[[ DATA SHOWN open ]]

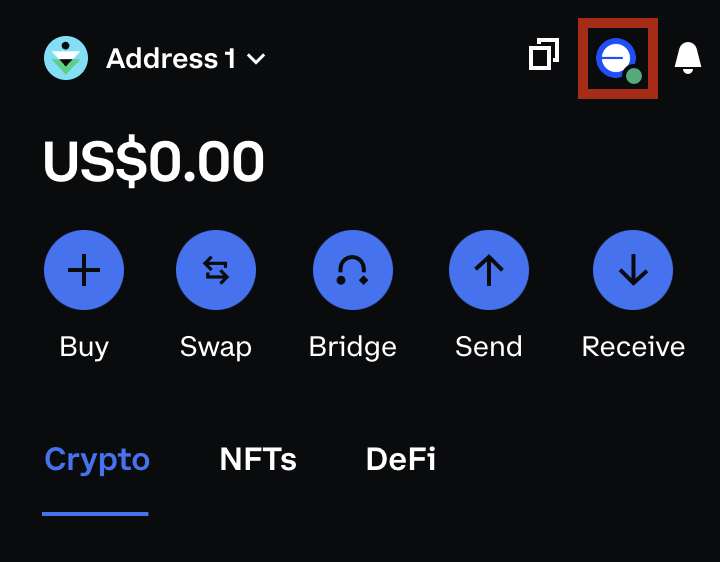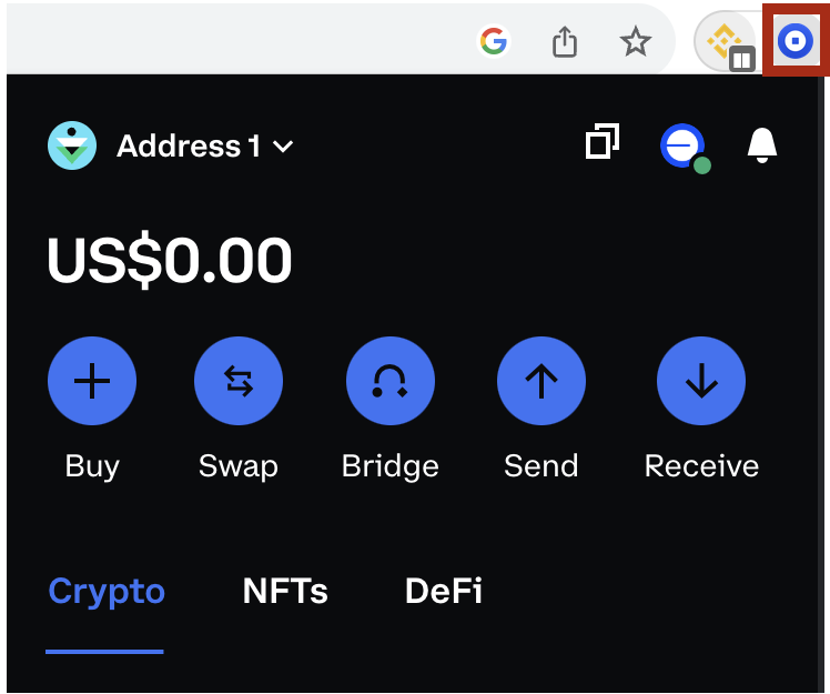 1. Spusťte rozšíření prohlížeče Coinbase Wallet a přihlaste se ke svému účtu.
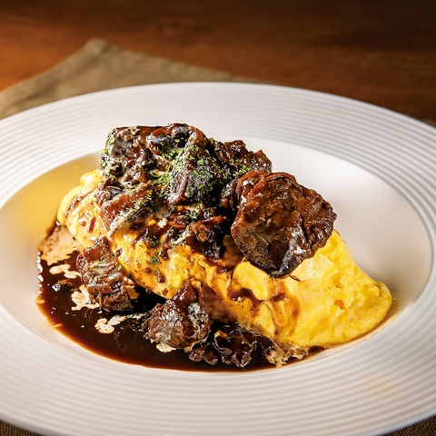 ふわとろ卵が自慢のオムライスに、濃厚なビーフシチューを贅沢にかけて仕上げました。芳醇な赤ワインの香りと深いコクをまとったソースが、ライスと卵に絡み合い、口の中でほろほろとほどける牛ほほ肉が至福のひとときを演出します。肉の旨みと卵のやさしさが奏でる贅沢なハーモニーを、心ゆくまでご堪能ください。
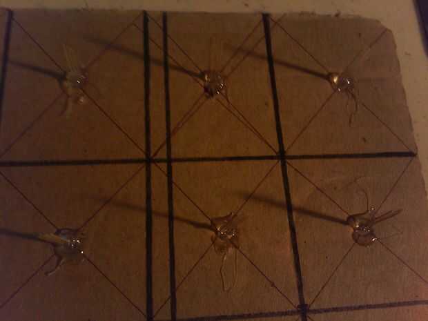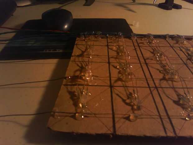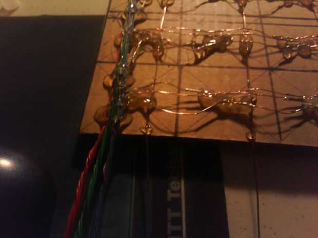 Para tener la matriz afecta ser posible que necesita alambre los LED RGB de una determinada manera. Va de arriba a abajo en la parte trasera parte superior izquierda esquina la Plaza, comienza fila 4 columna 1, en esta fila que será el mismo para todas las filas que se necesita que toda la tierra lleva desde el RGB soldadas juntas en una línea o fila. Entonces en esta columna se trata de la misma para todas las columnas que necesita para conectar todo el Color conduce en una línea o columna. Los conductores rojos todos conseguir soldados en una columna independiente Haz soldados todos los cables azules en una columna independiente y todos los cables verdes Haz soldados en una columna independiente.

[[ DATA SHOWN closed ]]

## TASK TO CARRY OUT
Set down again, exactly, the lines of the material above from its first line to the one with "ふわとろ卵が自慢のオムライス", inclusive. Leave the pictures out.

## OUTPUT OF THE EXERCISE
 1. Spusťte rozšíření prohlížeče Coinbase Wallet a přihlaste se ke svému účtu.
 ふわとろ卵が自慢のオムライスに、濃厚なビーフシチューを贅沢にかけて仕上げました。芳醇な赤ワインの香りと深いコクをまとったソースが、ライスと卵に絡み合い、口の中でほろほろとほどける牛ほほ肉が至福のひとときを演出します。肉の旨みと卵のやさしさが奏でる贅沢なハーモニーを、心ゆくまでご堪能ください。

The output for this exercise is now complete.